----- Data to process -----

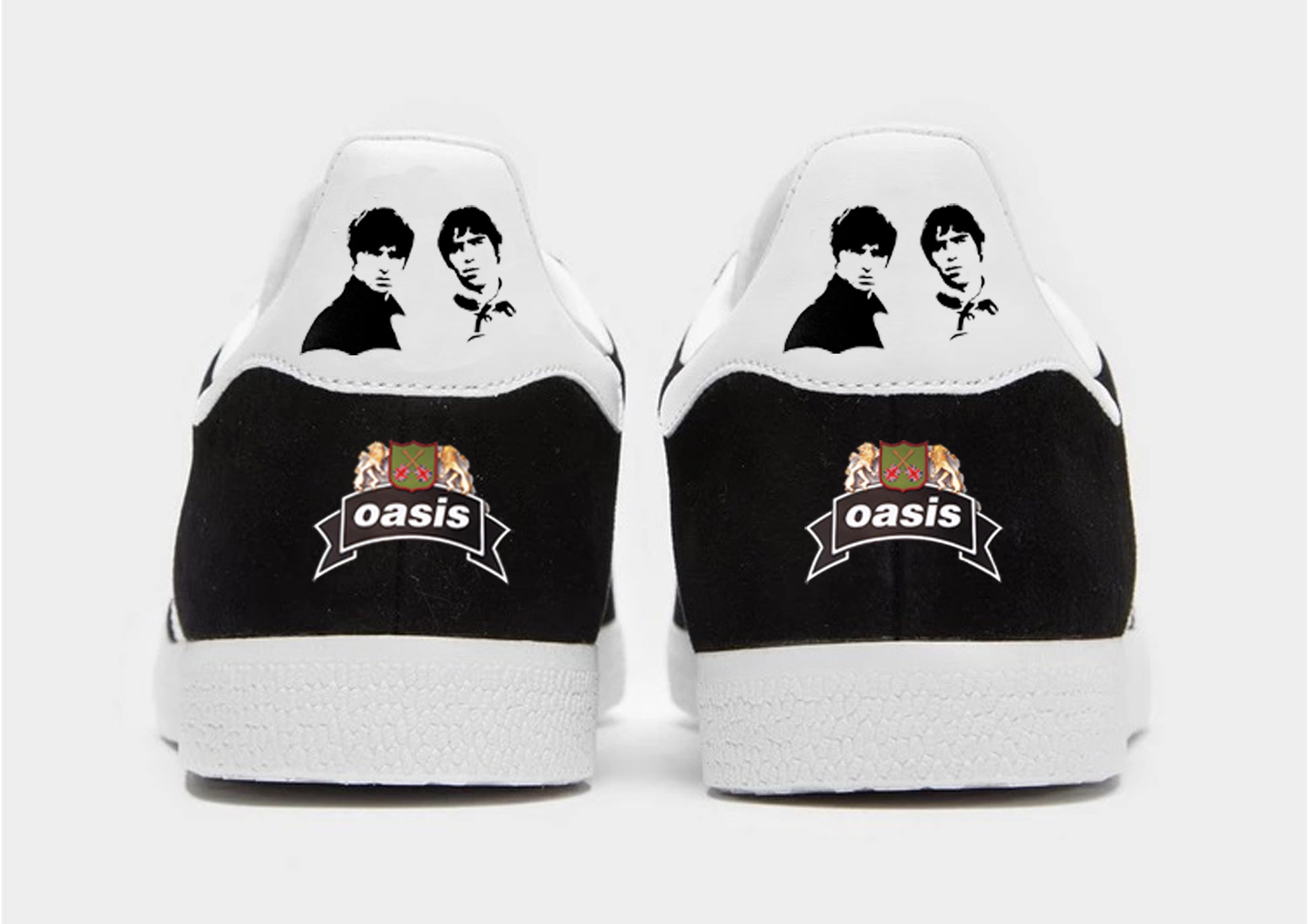 Limited edition Oasis The Masterplan inspired Black Adidas custom Gazelle trainers / sneakers
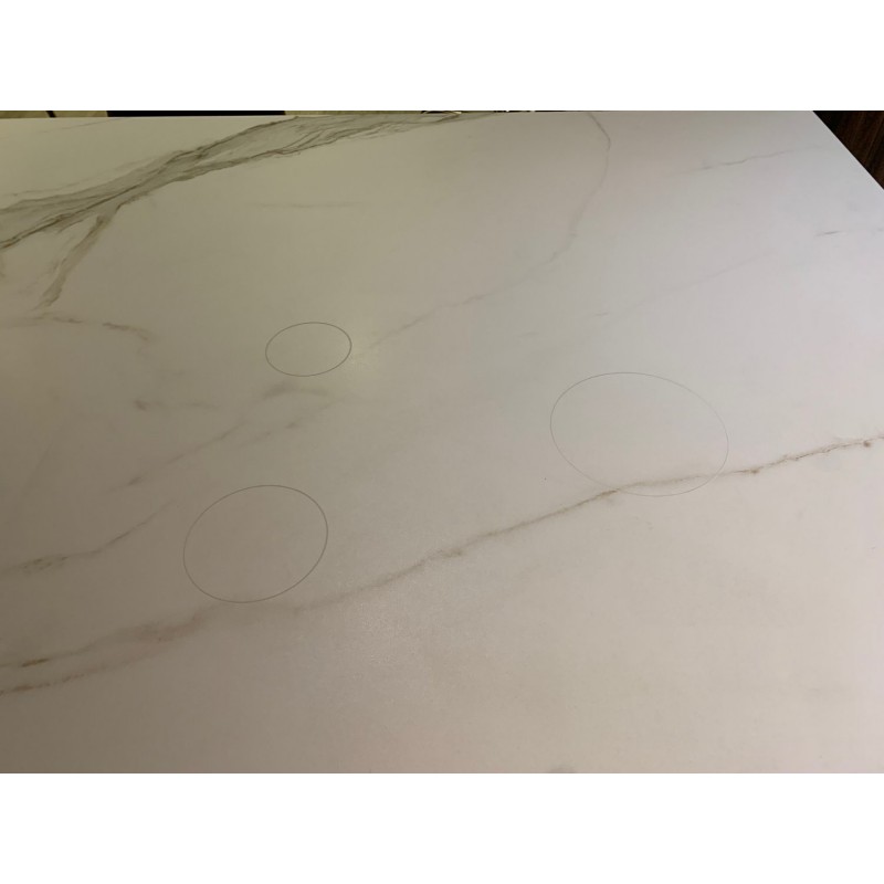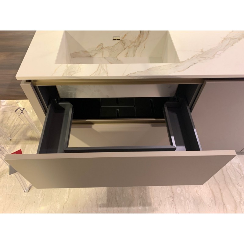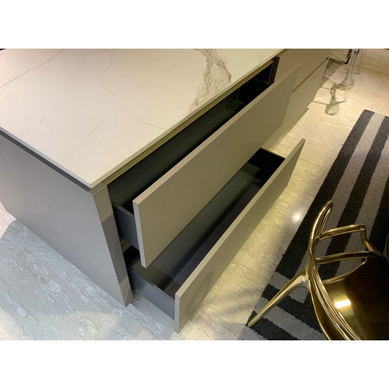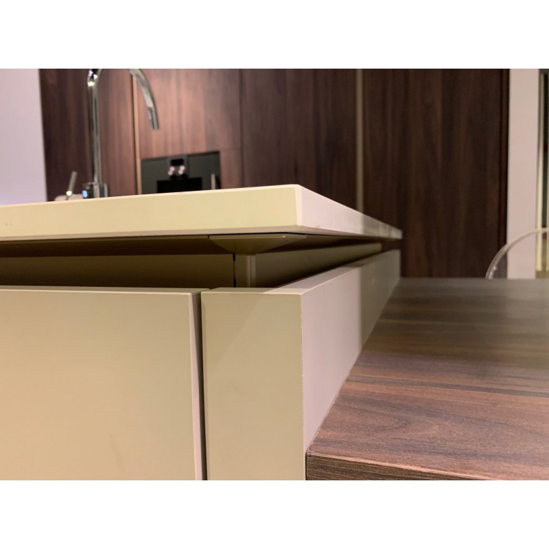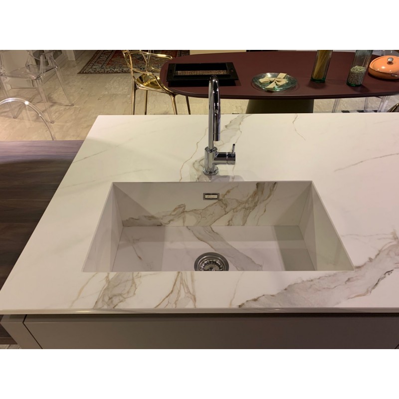 Cucina ad isola mod. Trim di Meson's, in offerta per rinnovo expo, con fianchi e frontali laccato canapa, gole e zoccoli alluminio champagne, piano in ceramica / gres porcellanato Laminam calacatta, con lavello e piano cottura integrati, tavolo snack in essenza noce, come colonne.
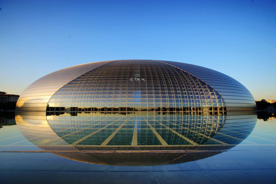 国家大剧院造型新颖、前卫,构思独特,是传统与现代、浪漫与现实的结合。
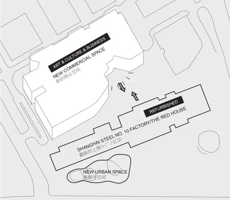“红坊”被赋予了新的商业定位,目标为打造集城市艺术、自然生态、商业消费、商务办公于一体的综合体项目,包括约10万m⊃2;的办公楼、约4万m⊃2;的购物中心、使用面积约3500m⊃2;的ROJO艺文空间和约1400m⊃2;的西泽立卫建筑作品,以及代运营管理的6000m⊃2;开放式绿地。
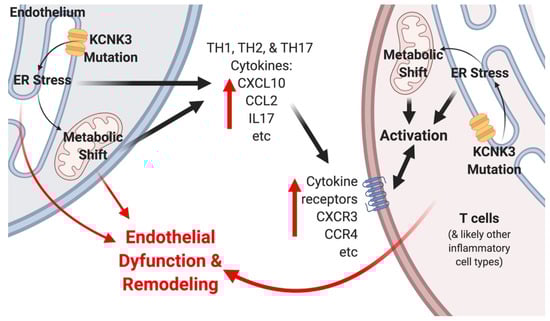 This explanation, which matches both the other literature on KCNK3 mutation in mice and rats [,,,], as well as the existing PH literature and the data presented in this project, would suppose that KCNK3 mutation primarily impacts ER calcium handling, resulting in ER stress and attendant metabolic alterations. In endothelium, this results in the changes seen in Figure 1 (human iPS) and 2E-F (mouse lung). These include changes in a variety of pathways related to metabolism, proliferation, and apoptosis, which are not themselves sufficient to drive PH, but which also signal to circulating cells. The circulating cells themselves are also impacted by KCNK3 mutation—possibly through the same mechanism. ER stress also impacts immune cell phenotype and immunometabolism [,,].
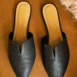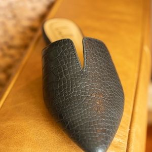 Jaelyn Black Crocodile Embossed Pointed-Toe Slides size 9
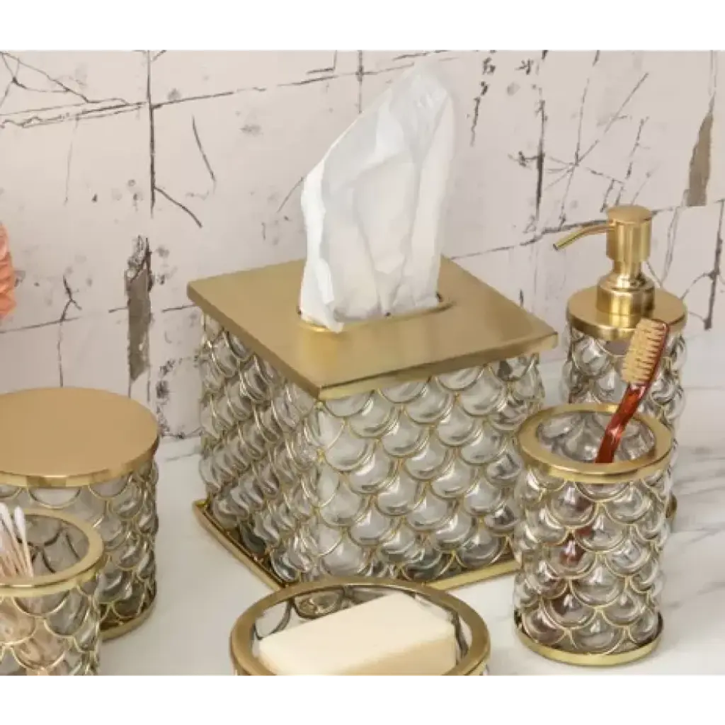 Gila Clear/brushed Gold Tissue Box 6"l X 6"w X 7"h
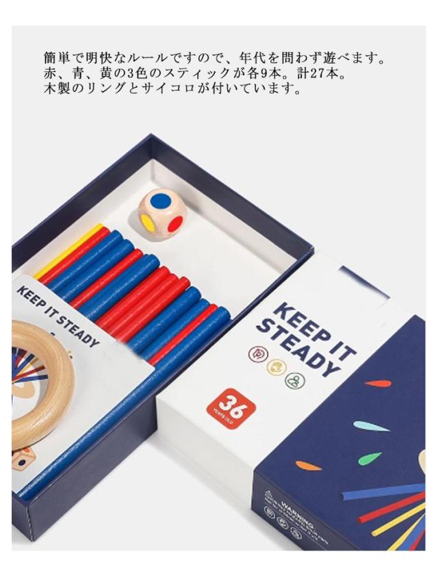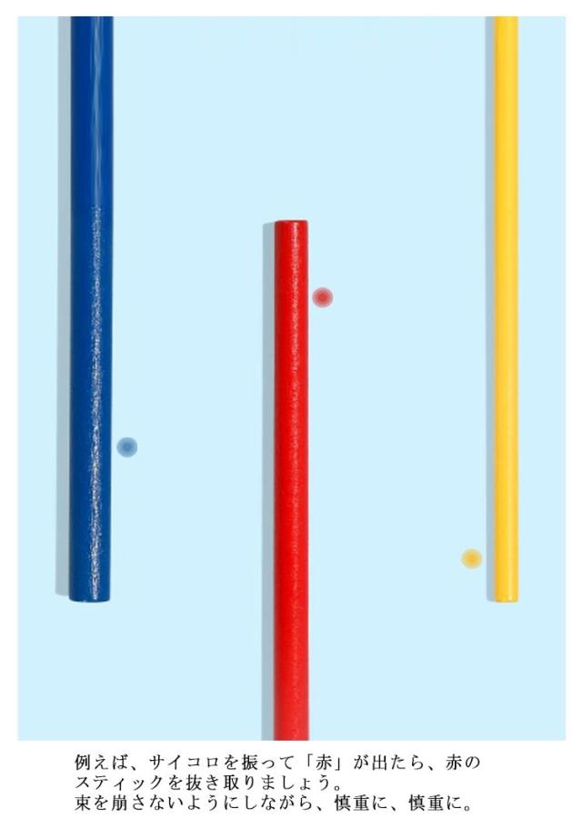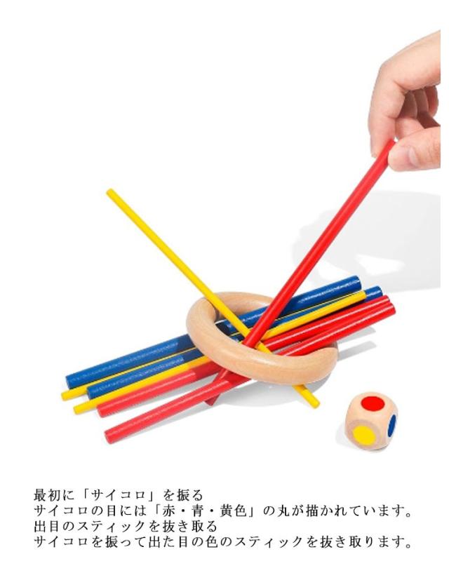 | とってもシンプルで、何度もやりたくなるスティッキー。 3色のカラフルな棒をリングの中に入れてサイコロの色に従って棒を抜き取っていくゲームです。 簡単で明快なルールですので、年代を問わず遊べます。 赤、青、黄の3色のスティックが各9本。計27本。木製のリングとサイコロが付いています。 また、棒がカラフルで可愛らしいのでギフトやプレゼントにも最適。 【ルール・遊び方】 ゲームの準備 まずは、スティックを束にしてリングに通します。 そして、束をねじって立たせます! 最初に「サイコロ」を振る サイコロの目には「赤・青・黄色」の丸が描かれています。 出目のスティックを抜き取る サイコロを振って出た目の色のスティックを抜き取ります。 例えば、サイコロを振って「赤」が出たら、赤のスティックを抜き取りましょう。 束を崩さないようにしながら、慎重に、慎重に。 無事スティックを取れれば、次の人の番です。同じようにサイコロを振って、スティックを抜いていきます。 リングが地面についたら終了 スティックが崩れて「リングが地面についたら終わり」です。 | |
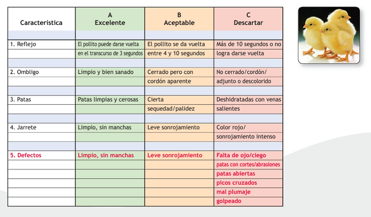 Se debe evaluar la calidad de los pollitos en el inicio en cuanto a los siguientes parámetros y calificar como «A», «B» o «C».
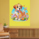 Ein Poster mit einem Bild eines niedlichen Welpen, der zwischen den Blume sitzt. Er sieht sehr glücklich aus, von Blume und Schmetterlingen umgeben zu sein. Das perfekte Geschenk für diejenigen, die Hunde Liebe Welpen. Enthält generativen Inhalt.

-----

Exercise brief: Both the line containing "Gila Clear/brushed Gold" and the line containing "スティックが崩れて「リングが地面についたら終わり」です。 | |" above belong in the output, as do the lines between them. Print them exactly, without pictures.

Answer below:
 Gila Clear/brushed Gold Tissue Box 6"l X 6"w X 7"h
 | とってもシンプルで、何度もやりたくなるスティッキー。 3色のカラフルな棒をリングの中に入れてサイコロの色に従って棒を抜き取っていくゲームです。 簡単で明快なルールですので、年代を問わず遊べます。 赤、青、黄の3色のスティックが各9本。計27本。木製のリングとサイコロが付いています。 また、棒がカラフルで可愛らしいのでギフトやプレゼントにも最適。 【ルール・遊び方】 ゲームの準備 まずは、スティックを束にしてリングに通します。 そして、束をねじって立たせます! 最初に「サイコロ」を振る サイコロの目には「赤・青・黄色」の丸が描かれています。 出目のスティックを抜き取る サイコロを振って出た目の色のスティックを抜き取ります。 例えば、サイコロを振って「赤」が出たら、赤のスティックを抜き取りましょう。 束を崩さないようにしながら、慎重に、慎重に。 無事スティックを取れれば、次の人の番です。同じようにサイコロを振って、スティックを抜いていきます。 リングが地面についたら終了 スティックが崩れて「リングが地面についたら終わり」です。 | |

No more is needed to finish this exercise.